I would love to see Venom in a movie... as for the sandman, as long as they make him a smarter villan that would be better... as for Osbourn who knows he could try and kill peter or just embrace what his fauther was.


----------



## RAXL (Jul 9, 2004)

You _might_ be this close to seeing Electro....:ninja:


----------



## Sinister (Apr 18, 2004)

Really? Is there something you know that you're not telling me, ol' buddy? :ninja:


----------



## RAXL (Jul 9, 2004)

Well, I guess there are some quotes floating around from that broad who plays MJ, talking about "Sandman and Electro".
At the same time, there are CONFIRMED costume tests of the infamous "black costume", which is spelt V-E-N-O-M.
But, c'mon, we know that the kid from "That 70's Show" has been cast. Who does he look more like, Eddie Brock (Venom) or Max Dillon (Electro).

Going one step farther, some people have counted up three different villians, and come up with a new number:
One. 
One villian. Named....The Chameleon.

Going even deeper, there is still the Lizard issue to be dealt with. I'm pretty sure they put Doctor Curt Conners into the second film ( I never saw it), and why have him in it, if he doesn't become the Lizard at some point.

Going STILL deeper, yeah, there is still the Harry Osborne problem. 
I'm not sure where all this Hobgoblin talk came from.
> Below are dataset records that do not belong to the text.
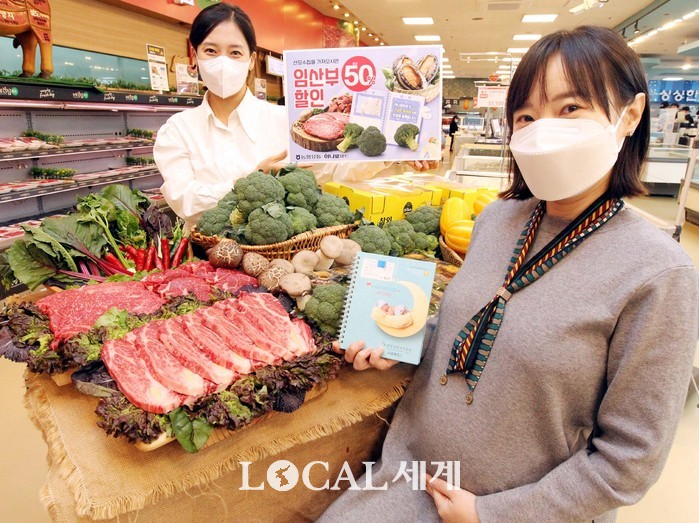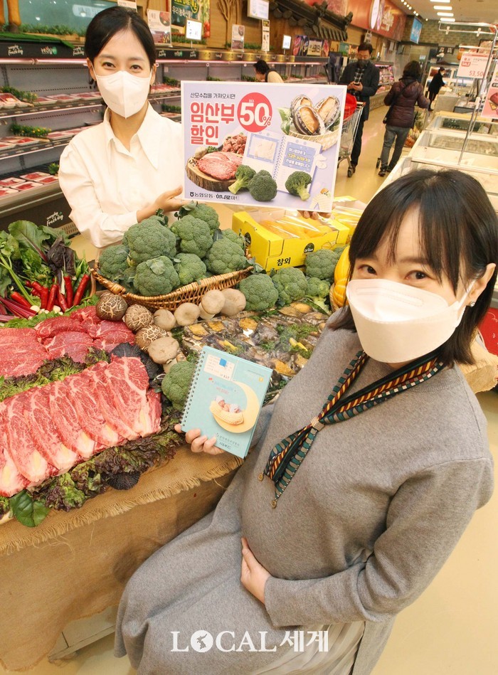 ▲17일 서울 서초구 농협하나로마트 양재점에서 모델들이 저출산 문제와 치솟는 밥상물가 부담을 덜어드리기 위해 17일 ~ 23일 7일간 계산대에서 산모수첩을 보여주면 한우 1등급 안심, 등심, 채끝, 브로콜리(1개), 활전복(대/4미), 친환경 참외(2kg)를 시중가 대비 최대 50% 할인된 가격으로 구매할 수 있는 행사를 소개하고 있다. |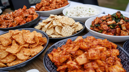 A vibrant display of spicy snacks and appetizers arranged in bowls. The image captures the tempting textures and colors, perfect for gatherings or events.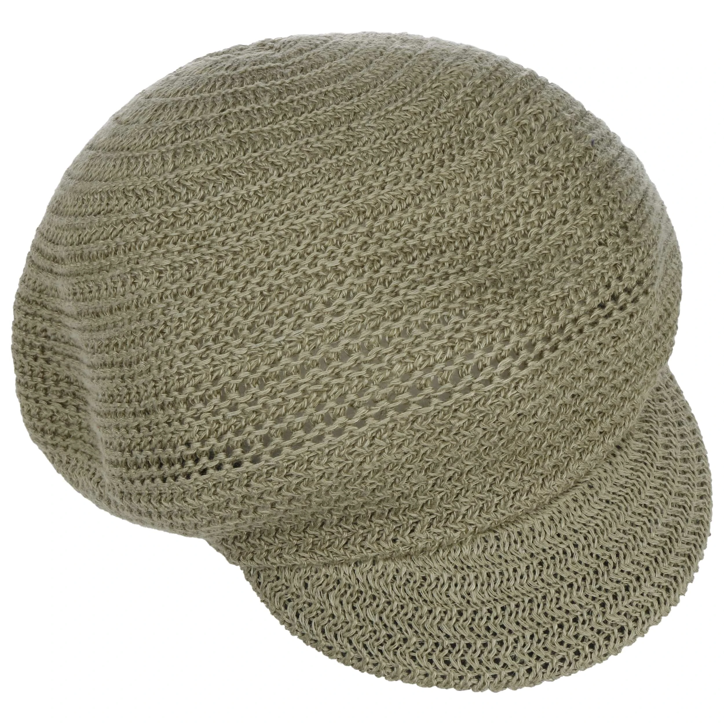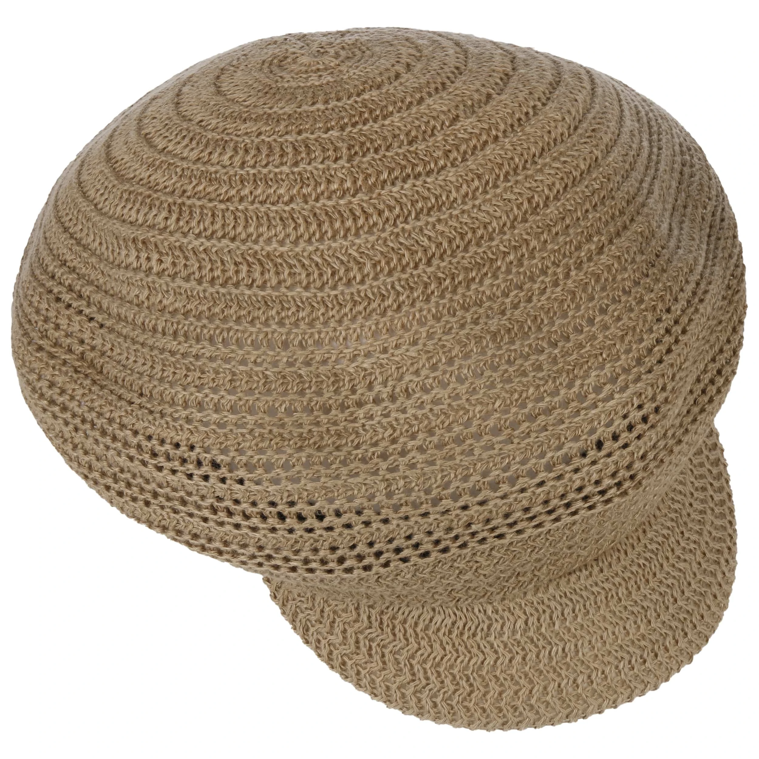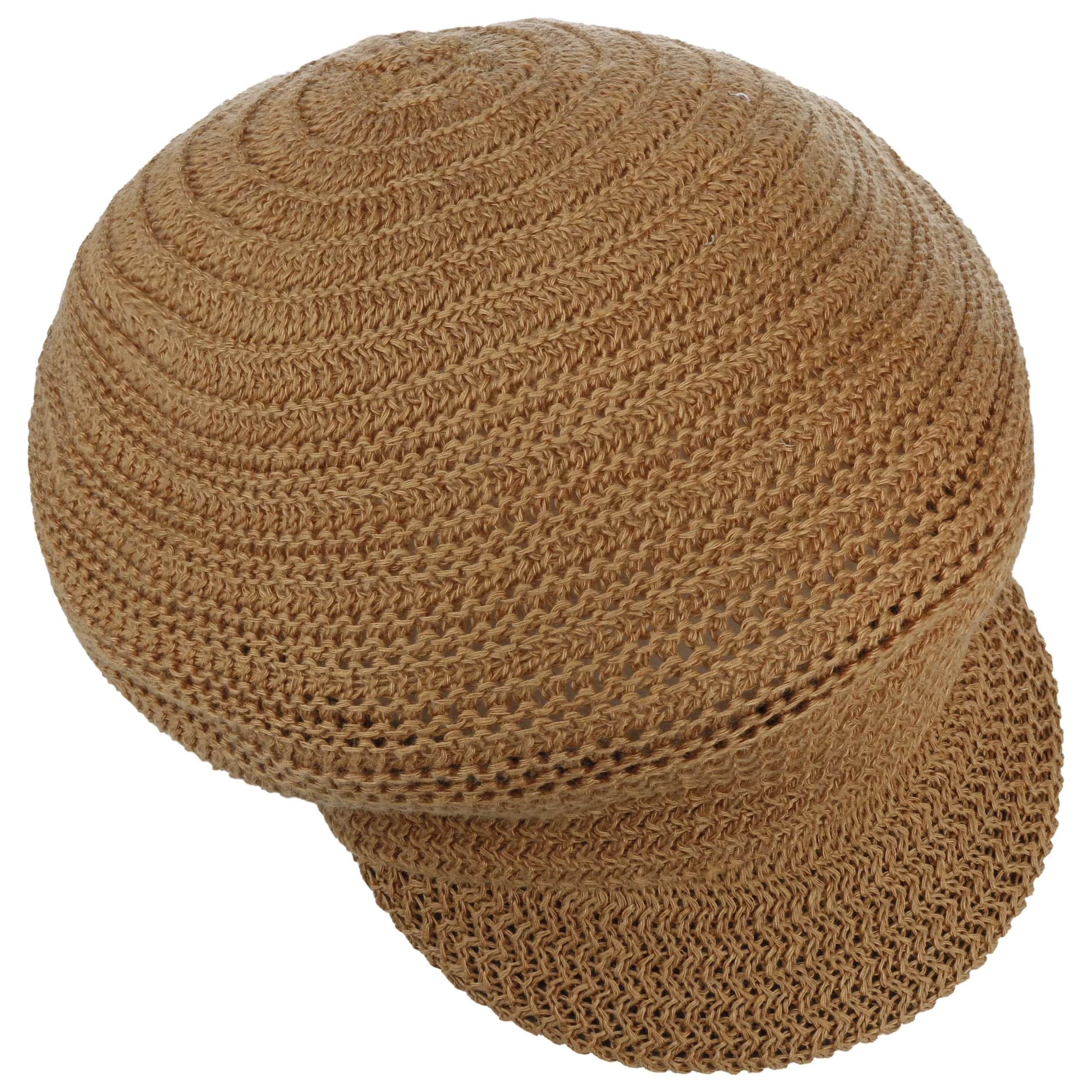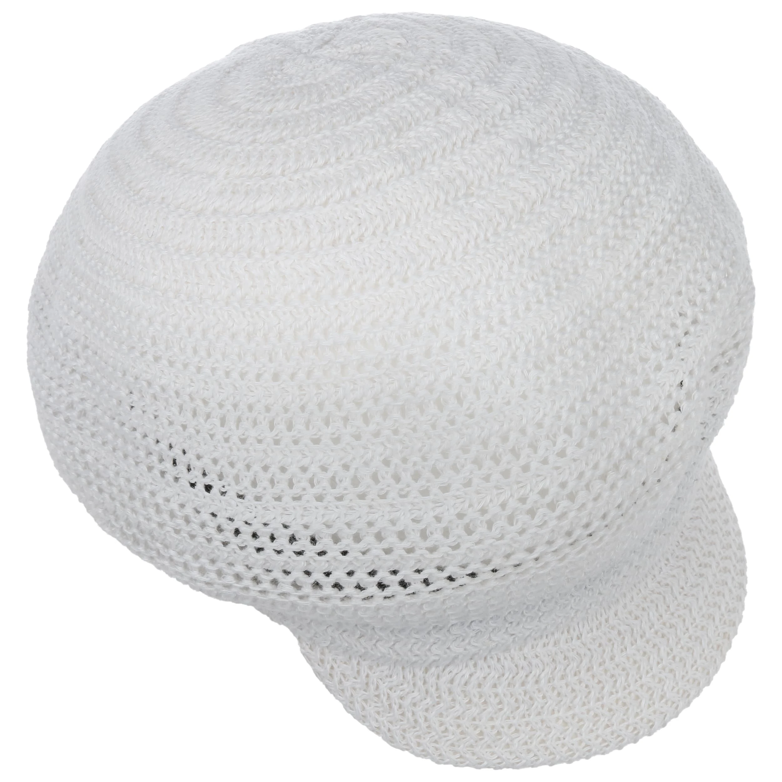 Luftige Maschen mit Zickzack-Dynamik ringeln sich um den luftigen Schirm der unifarbigen Ballonmütze und machen sie zum charmanten Topping eines lässigen Sommeroutfits.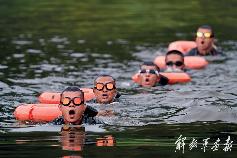 突擊小隊(duì)進(jìn)行武裝泅渡。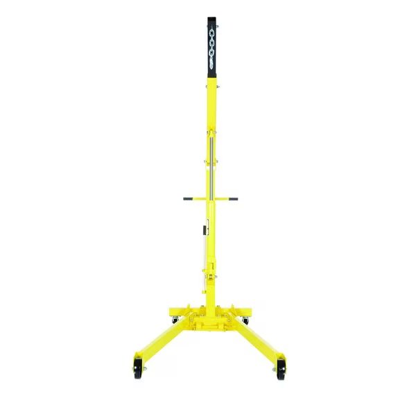 A portable shop crane engine hoist is great for hundreds of lifting applications. It features a telescopic boom with four settings for different lifting heights and capacities. Boom is raised and lowered with a manual hydraulic hand pump. The high-capacity hydraulic cylinder provides faster lifting action and features a large diameter ram to withstand angled loads when lifting. Includes two (2) rigid and two (2) swivel casters for portability. Heavy-duty steel construction and painted finish. The unit has a folding design to help aid in storage.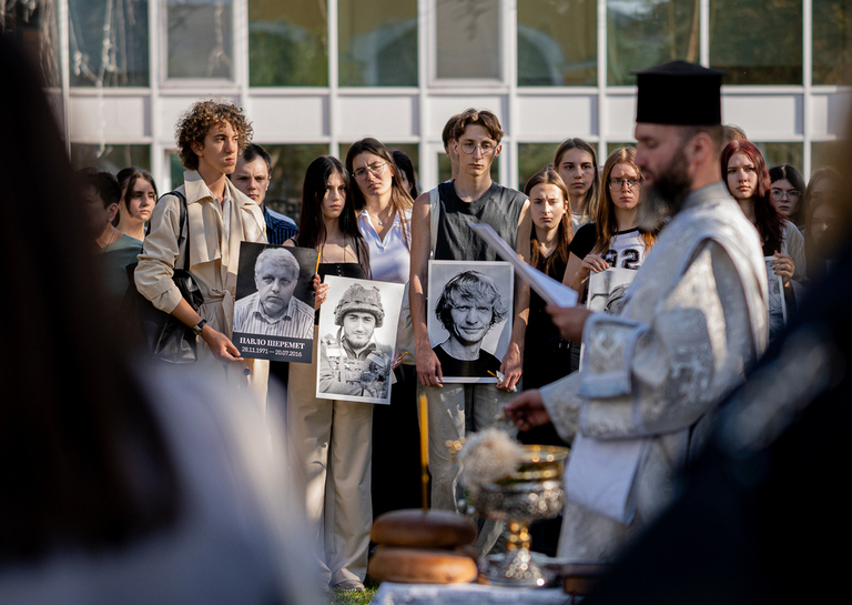 Богослужіння очолив предстоятель ПЦУ, Блаженнійший Митрополит Епіфаній. Упродовж літії настоятель храму Святого Миколи Набережного протоієрей Стефан Яремчук згадав кожну й кожного з журналістів, які загинули з початку незалежності України, зокрема тих, хто віддав життя, доносячи правду про широкомасштабну російську війну. Серед медійників, чиї імена оголосив протоієрей два випускники Факультету журналістики Університету Грінченка - Олександр Кузенков та Олександр Голяченко.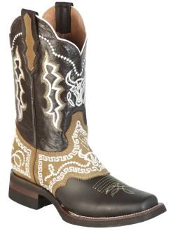 - Men’s Genuine Leather Embroidered Saddle Western Cowboy Boots ‘El General’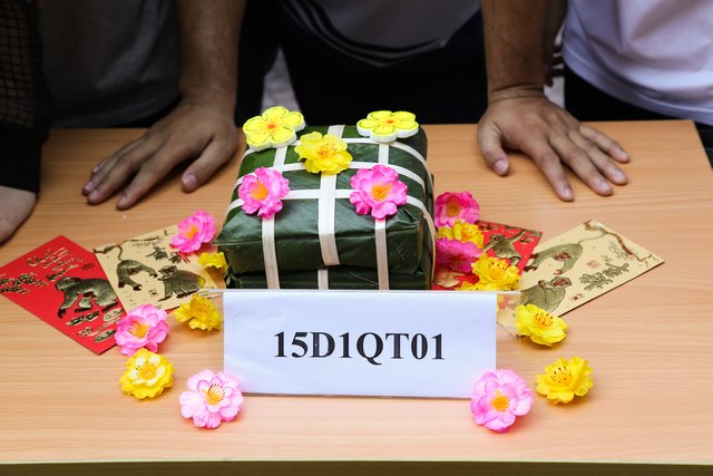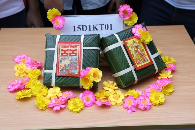 Những chiếc bánh chưng đẹp mắt được tạo thành từ bàn tay khéo léo của các bạn sinh viên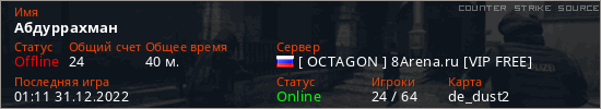 Играет на Counter Strike Source сервере. Страна: РоссияПервый раз замечен 00:33 31.12.2022
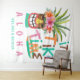 La tapisserie à thème Tropical Tiki présente un totem Tiki peint à la main, ananas, planche de surf et perroquet avec la typographie "It's Tiki Time". Le salut et les noms "aloha" (ou tout texte qui vous plaît peut s'insérer dans cet espace !) peuvent être personnalisés. Idéal pour une réception de mariage, douche à couple, luau, anniversaire, anniversaire et toute fête à thème île. Art par KL Stock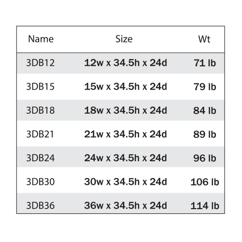 12"W x 24"D x 34 1/2"H ,15"W x 24"D x 34 1/2"H ,18"W x 24"D x 34 1/2"H ,21"W x 24"D x 34 1/2"H ,24"W x 24"D x 34 1/2"H ,30"W x 24"D x 34 1/2"H ,36"W x 24"D x 34 1/2"H |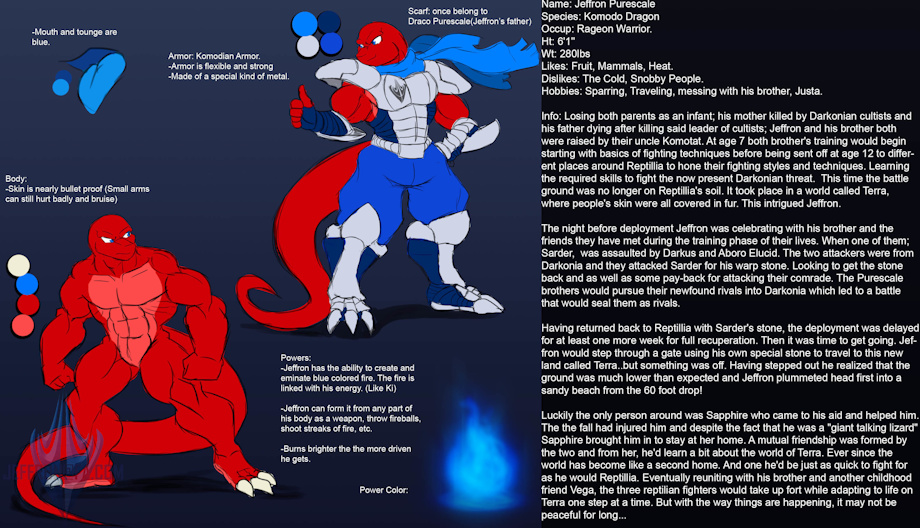 Name: Jeffron Purescale Species: Komodo Dragon Occup: Rageon Warrior. Ht: 6'1'' Wt: 280lbs Likes: Fruit, Mammals, Heat. Dislikes: The Cold, Snobby People. Hobbies: Sparring, Traveling, messing with his brother, Justa.
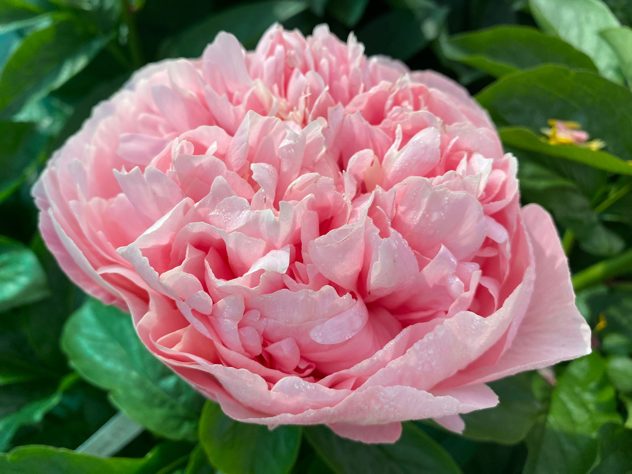 In the Lap of the Gods (Scholten, unregistered). Peony In the Lap of the Gods is a Midseason double pink Peony Herbaceous Hybrid, Out-facing, double pink, smooth flower bud opens to a large double pink flower. Outer Guard petals are frilled, ruffled and rounded. Flower size 6.3 inch / 16 cm, flower bud 1.6 inch / 4 cm, has average 3 very hairy green carpels with normal shaped dark pink stigmas, has pollen, no seeds noticed. 1 flower per stem. Vigorous grower, upright growth habit, healthy green foliage, broad pointed leaves, average height 27.5 inch / 70 cm, first year bloomed 2013, first year propagated 2015, nice garden plant. unregistered seedling.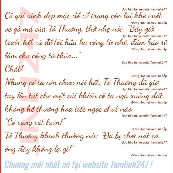 m thanh giòn giã vang lên trong phòng, cô gái xinh đẹp mặc đồ cổ trang này nhất thời ngây ngẩn cả người, vẻ mặt oan ức nói: "Công tử, sao ngài lại đánh tôi?"
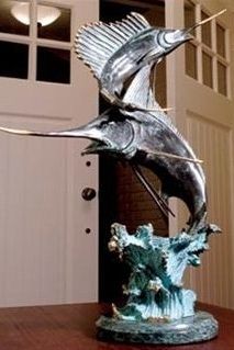 Marlin & Sailfish Bronze Sculpture - 15"H 12"W 6 "D - Great Attention To Detail - Beautiful Finish - Lost Wax Cast

Harry was NEVER the Hobgoblin. Rodderick Kingsley,Lefty Donovan, Ned Leeds and Jason Macendale were Hobgoblins. Macendale was also Jack O' Lantern, and later became the "possessed by a demon" version of Hobgoblin during Inferno. Flash Thompson was arressted by the cops because they thought he was Hobgoblin at one point. But I don't know if Flash is in the films.
Harry became the Green Goblin, after Norman "died". Will Harry pick up that absurd Green Goblin helmet in the third film? Will Willem Dafoe return as Norman for the whole film, not just "crazy halucinations"?

And what about John Jameson? Does he ever get to be The Man Wolf? All they needed to do was send him to space already, and he could've picked up both the symbiote (black costume) and the moon rock that turns him into a wolf man.

Hell, I went off on a tirade here. And nobody knows what I'm talking about.


----------



## Sinister (Apr 18, 2004)

I know precisely what you're talking about. Remember I'm a geek fanboy myself when it comes to such useless knowledge. 

I suspect Grace will be Electro if that is indeed the direction they're going and Jameson will probably pick up the symbiote in some space trip. However, I think Eddie Brock is briefly in Spidey 2, just a flash and then nothing.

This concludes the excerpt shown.